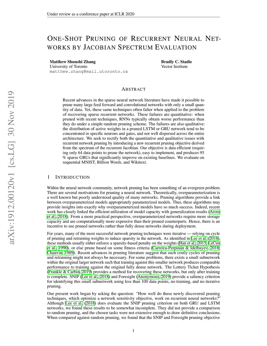 One-Shot Pruning of Recurrent Neural Networks by Jacobian Spectrum
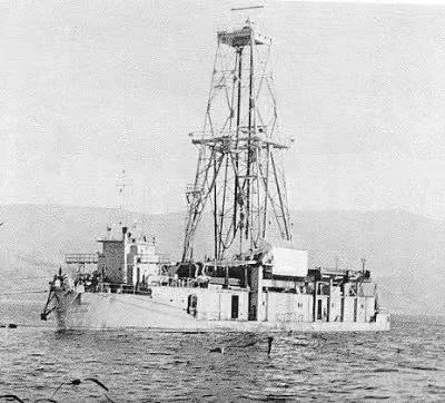 图1. “莫霍计划-Project Mohole" 钻探船 - CUSS 1号。 她是海上钻井船由大陆、联合、壳牌、苏必利尔四家公司于1956年联合建造,其前身是经过改装的二战时期驳船(图片来自网络)
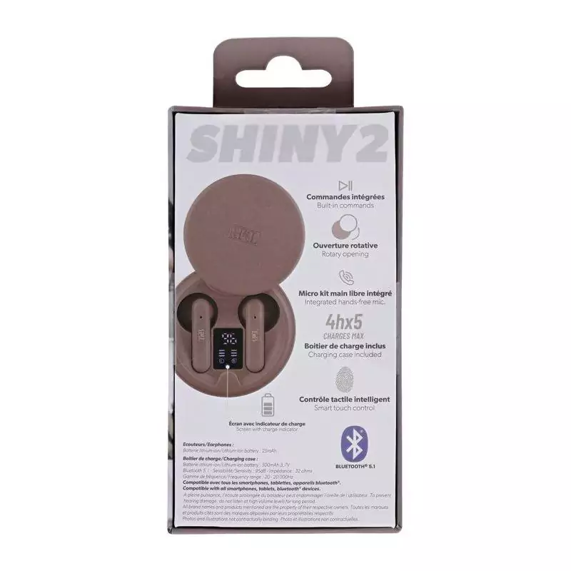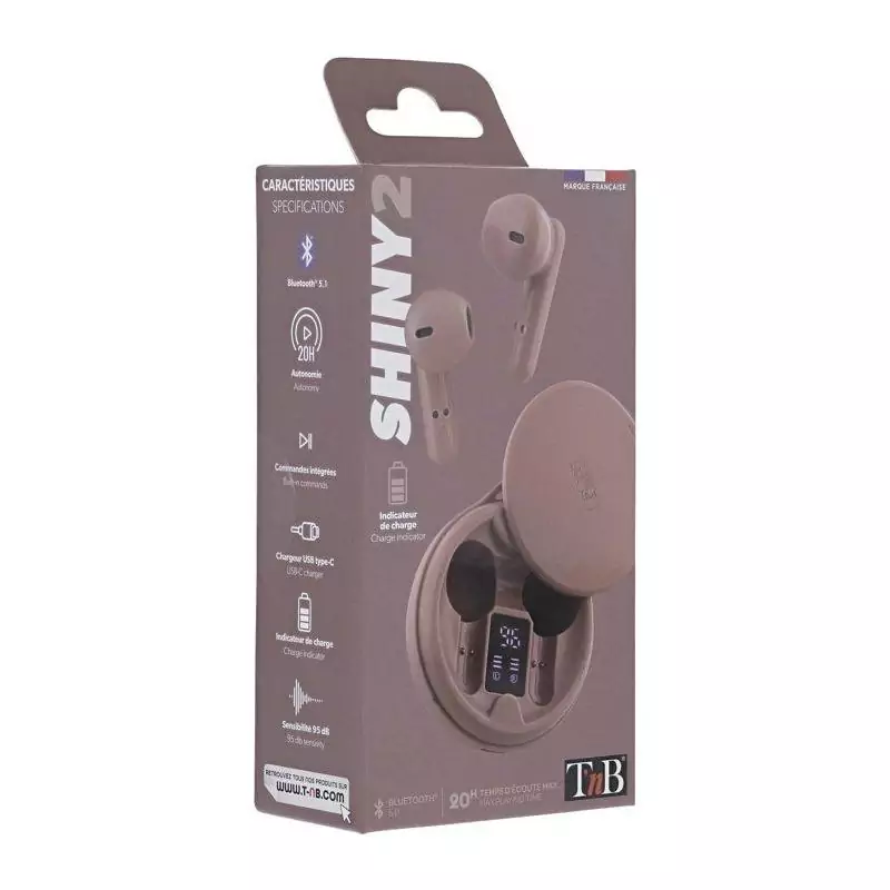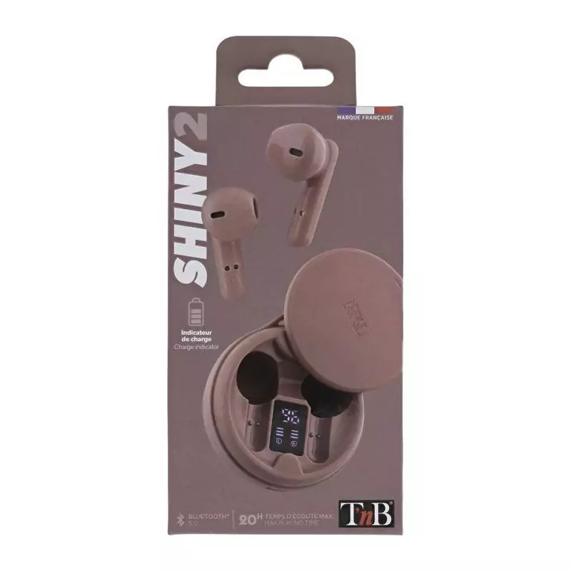 Ecouteurs sans fil TWS - T'nb - Shiny 2 - Boîtier de charge inclus - Bluetooth - Autonomie 20h - Contrôle tactile - Rose
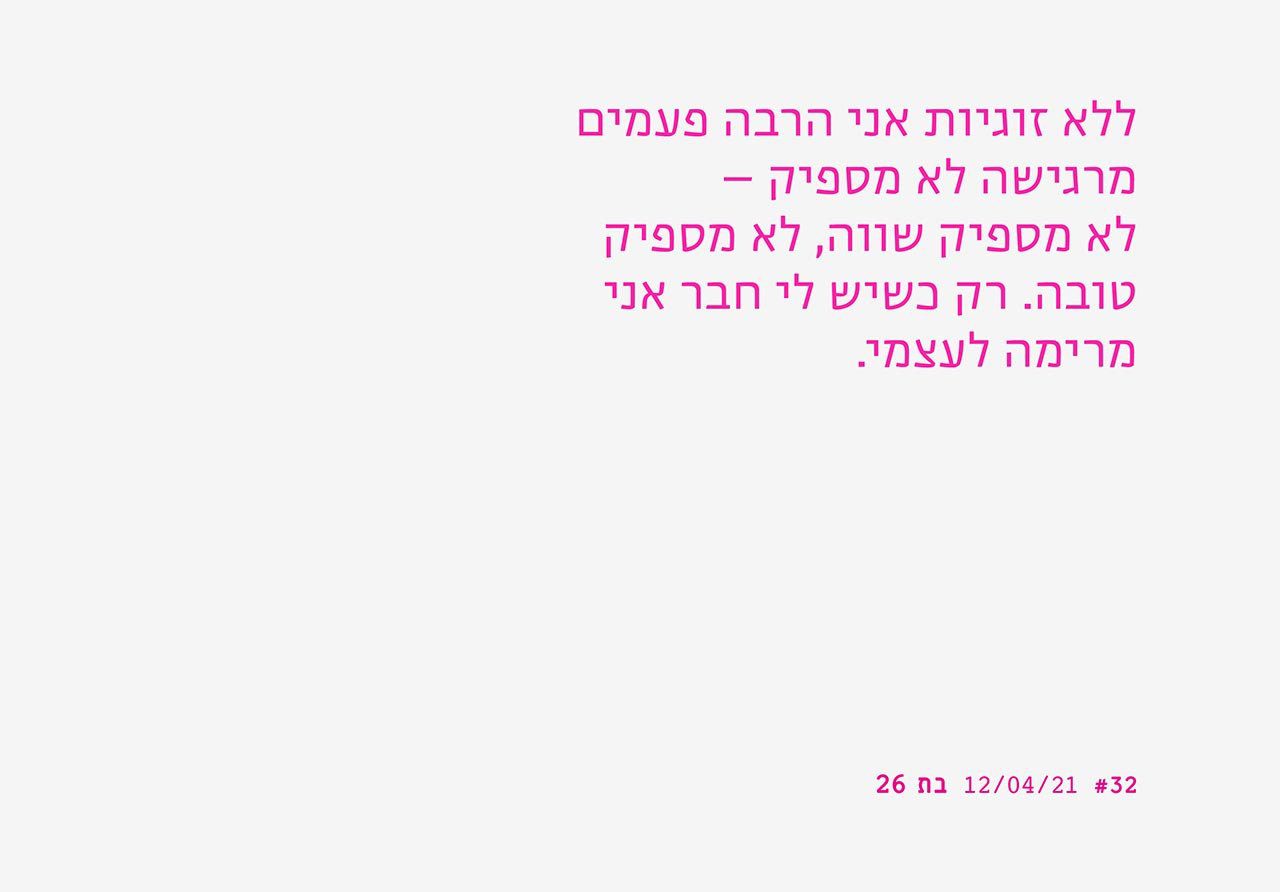 לפני שנתיים, עדיין בלימודים, במהלך שיחה עם חברה על בחורים, זוגיות ודייטים, היא אמרה לי שבגלל שאני נראית בטוחה בעצמי – אני נתפסת כמאיימת. ובגלל זה בחורים לא ניגשים אליי או מתחילים איתי.
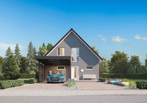 Das moderne Stadthaus von STREIF wird von einem Übereck-Erker und einem überdachten Hauseingang mit angeschlossenem Carport akzentuiert. Auf einer Raumgrundfläche von 158 m² sind 3 Schlafräume, 2 Bäder, ein ...
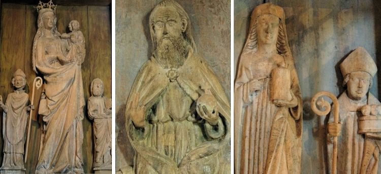 Träskulpturer från Husaby kyrka. Träskulpturen ovan t.hö. som håller fram tre avhuggna huvuden är Biskop St Sigfried som enligt legenden lät döpa Olof Skötkonung. Kanske är det honom man avbildat i mitten ovan. Skulpurerna är från 1400-talet. Foto Tommy Sörstrand.
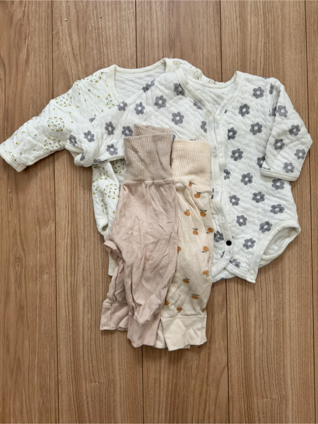 70cmのベビー服のセットです。 ・長袖前開きロンパース肌着2着 ・長ズボン2着 ・全体的に使用感あり ・ズボンにシミあり(画像参照) 昨年生後4-6ヶ月の子どもが使用していました。 中古品であることをご了承いただける方でお願いいたします。
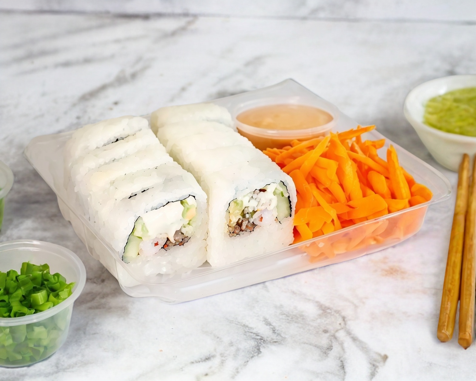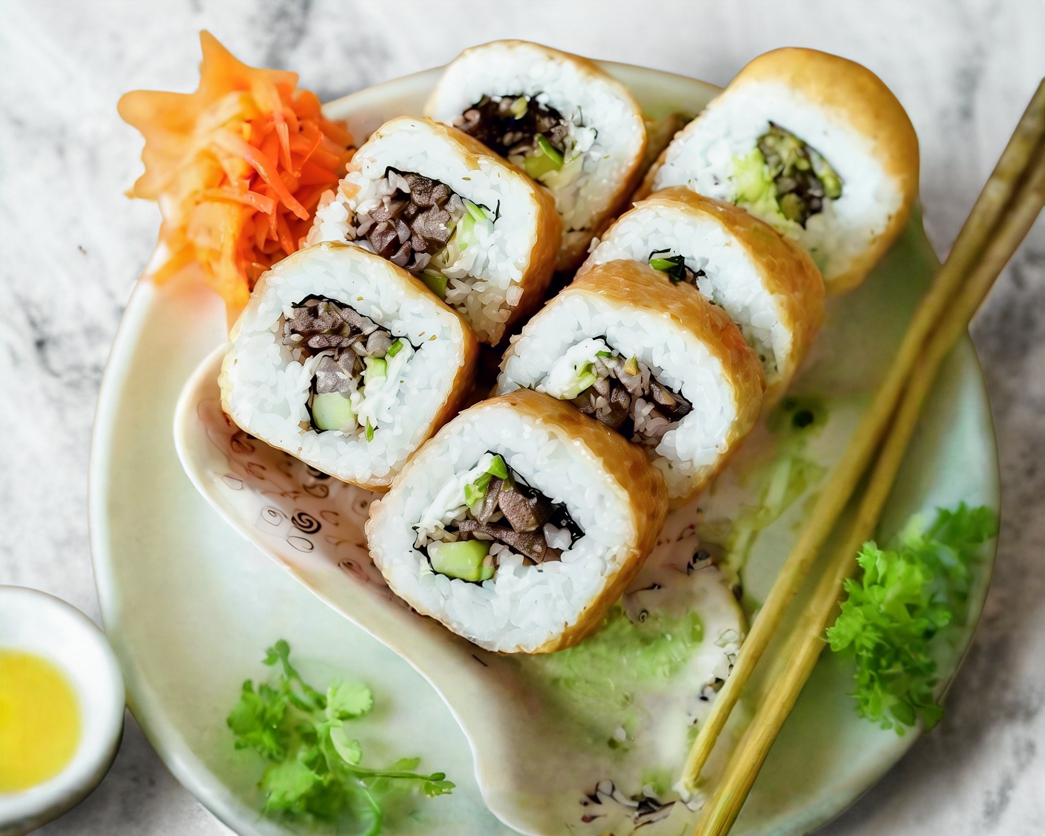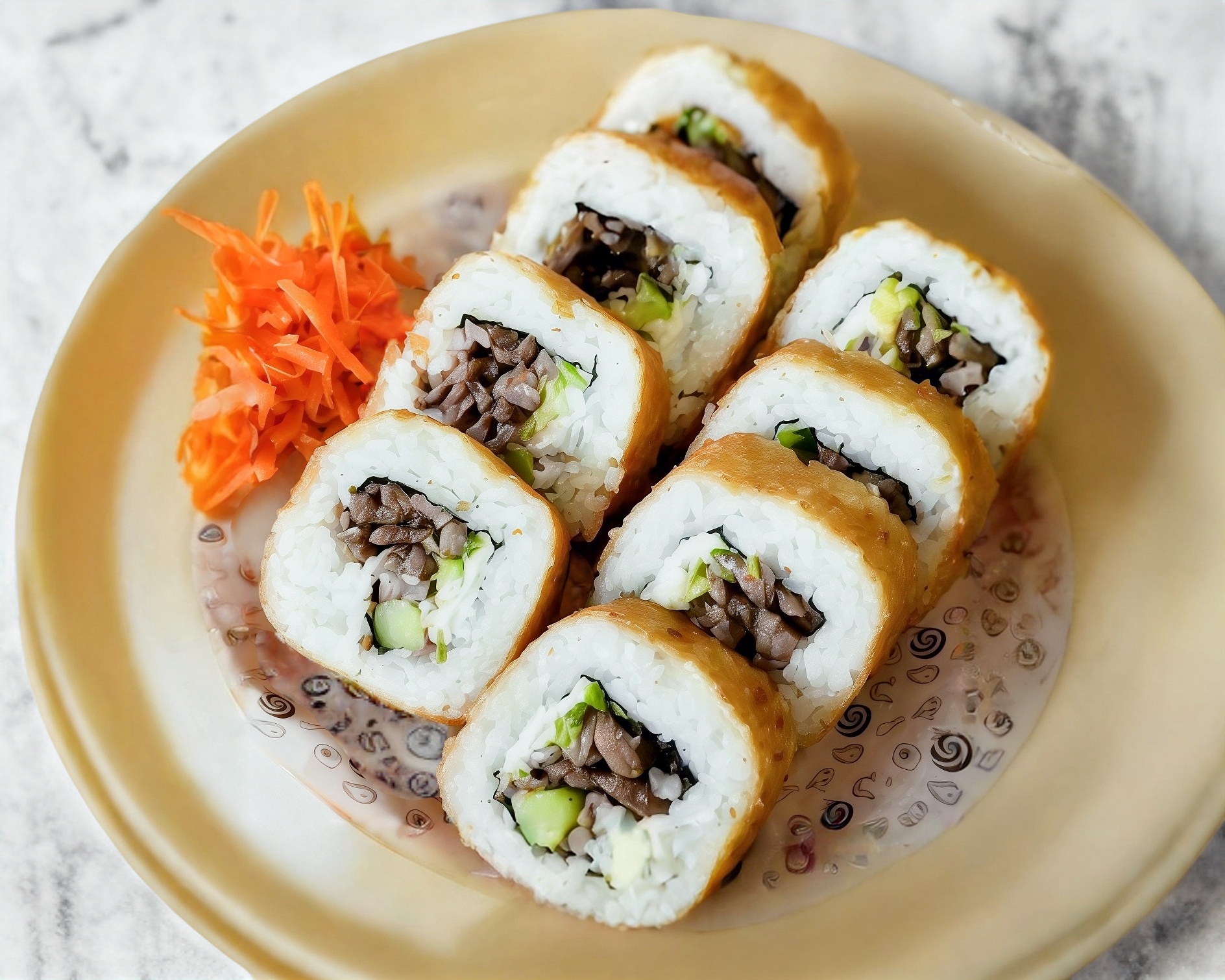 1 Rollo de sushi (10 Bocados) con carne asada, queso crema, pepino y aguacate.
^^^^
### What is required
Restate word for word the lines that begin at the one containing "钻探船 - CUSS 1号。" and end with the final line of the records. Pictures stay out.

### Exercise response
 图1. “莫霍计划-Project Mohole" 钻探船 - CUSS 1号。 她是海上钻井船由大陆、联合、壳牌、苏必利尔四家公司于1956年联合建造,其前身是经过改装的二战时期驳船(图片来自网络)
 Ecouteurs sans fil TWS - T'nb - Shiny 2 - Boîtier de charge inclus - Bluetooth - Autonomie 20h - Contrôle tactile - Rose
 לפני שנתיים, עדיין בלימודים, במהלך שיחה עם חברה על בחורים, זוגיות ודייטים, היא אמרה לי שבגלל שאני נראית בטוחה בעצמי – אני נתפסת כמאיימת. ובגלל זה בחורים לא ניגשים אליי או מתחילים איתי.
 Das moderne Stadthaus von STREIF wird von einem Übereck-Erker und einem überdachten Hauseingang mit angeschlossenem Carport akzentuiert. Auf einer Raumgrundfläche von 158 m² sind 3 Schlafräume, 2 Bäder, ein ...
 Träskulpturer från Husaby kyrka. Träskulpturen ovan t.hö. som håller fram tre avhuggna huvuden är Biskop St Sigfried som enligt legenden lät döpa Olof Skötkonung. Kanske är det honom man avbildat i mitten ovan. Skulpurerna är från 1400-talet. Foto Tommy Sörstrand.
 70cmのベビー服のセットです。 ・長袖前開きロンパース肌着2着 ・長ズボン2着 ・全体的に使用感あり ・ズボンにシミあり(画像参照) 昨年生後4-6ヶ月の子どもが使用していました。 中古品であることをご了承いただける方でお願いいたします。
 1 Rollo de sushi (10 Bocados) con carne asada, queso crema, pepino y aguacate.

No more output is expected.